To do — Find the line below with "本文关于178人口普查的基本详情介绍就讲解完毕,希望对大家有所帮助。" and the line with "Rollito de masa". Output them and the lines between, exactly, but not the pictures.

Records for the task —
▼
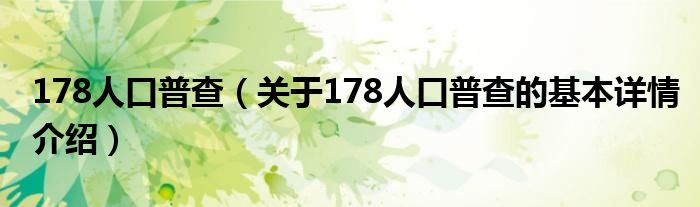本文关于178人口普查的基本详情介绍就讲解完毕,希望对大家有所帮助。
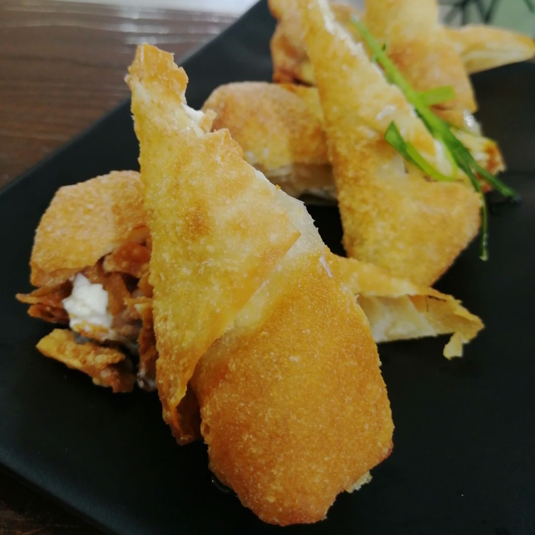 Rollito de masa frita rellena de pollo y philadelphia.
▲
▼
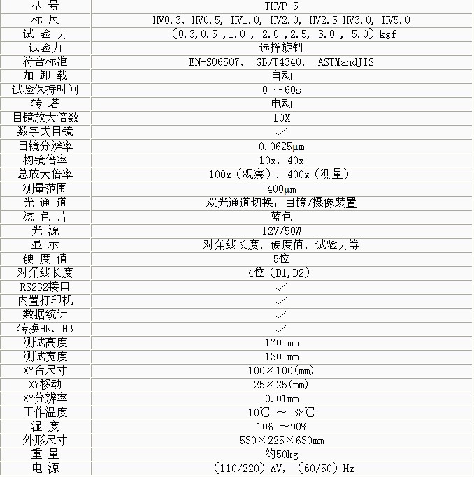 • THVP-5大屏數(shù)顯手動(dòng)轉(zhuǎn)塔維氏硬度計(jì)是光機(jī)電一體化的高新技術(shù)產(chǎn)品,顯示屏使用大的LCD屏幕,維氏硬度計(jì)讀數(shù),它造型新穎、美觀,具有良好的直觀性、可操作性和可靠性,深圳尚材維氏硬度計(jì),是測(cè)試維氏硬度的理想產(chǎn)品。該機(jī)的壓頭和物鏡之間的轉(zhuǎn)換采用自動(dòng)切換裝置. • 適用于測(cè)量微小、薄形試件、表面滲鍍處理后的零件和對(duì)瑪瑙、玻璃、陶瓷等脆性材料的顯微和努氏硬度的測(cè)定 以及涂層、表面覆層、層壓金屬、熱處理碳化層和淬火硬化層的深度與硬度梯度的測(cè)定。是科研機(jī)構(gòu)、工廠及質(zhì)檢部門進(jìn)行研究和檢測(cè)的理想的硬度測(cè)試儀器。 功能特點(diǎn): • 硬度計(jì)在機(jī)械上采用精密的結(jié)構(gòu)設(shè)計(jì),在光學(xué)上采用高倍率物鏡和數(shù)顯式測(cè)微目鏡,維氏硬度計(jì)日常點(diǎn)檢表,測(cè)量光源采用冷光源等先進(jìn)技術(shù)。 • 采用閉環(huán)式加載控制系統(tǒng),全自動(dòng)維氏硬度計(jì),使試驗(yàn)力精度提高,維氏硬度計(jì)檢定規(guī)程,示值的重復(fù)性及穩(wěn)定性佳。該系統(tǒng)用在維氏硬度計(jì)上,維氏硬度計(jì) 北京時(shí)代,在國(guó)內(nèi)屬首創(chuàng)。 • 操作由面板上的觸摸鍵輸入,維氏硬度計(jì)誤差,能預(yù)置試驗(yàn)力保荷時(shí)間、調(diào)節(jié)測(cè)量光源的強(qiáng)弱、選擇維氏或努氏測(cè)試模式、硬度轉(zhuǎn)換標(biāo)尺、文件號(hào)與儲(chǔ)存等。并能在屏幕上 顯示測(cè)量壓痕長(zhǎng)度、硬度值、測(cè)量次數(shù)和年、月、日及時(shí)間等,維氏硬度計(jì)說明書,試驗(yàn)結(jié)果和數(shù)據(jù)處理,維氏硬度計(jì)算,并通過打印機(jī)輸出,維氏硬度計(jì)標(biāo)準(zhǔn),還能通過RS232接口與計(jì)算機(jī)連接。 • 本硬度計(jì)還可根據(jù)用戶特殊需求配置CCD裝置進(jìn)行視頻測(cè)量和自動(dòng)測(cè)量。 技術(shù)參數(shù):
▲
Output of the task —
本文关于178人口普查的基本详情介绍就讲解完毕,希望对大家有所帮助。
 Rollito de masa frita rellena de pollo y philadelphia.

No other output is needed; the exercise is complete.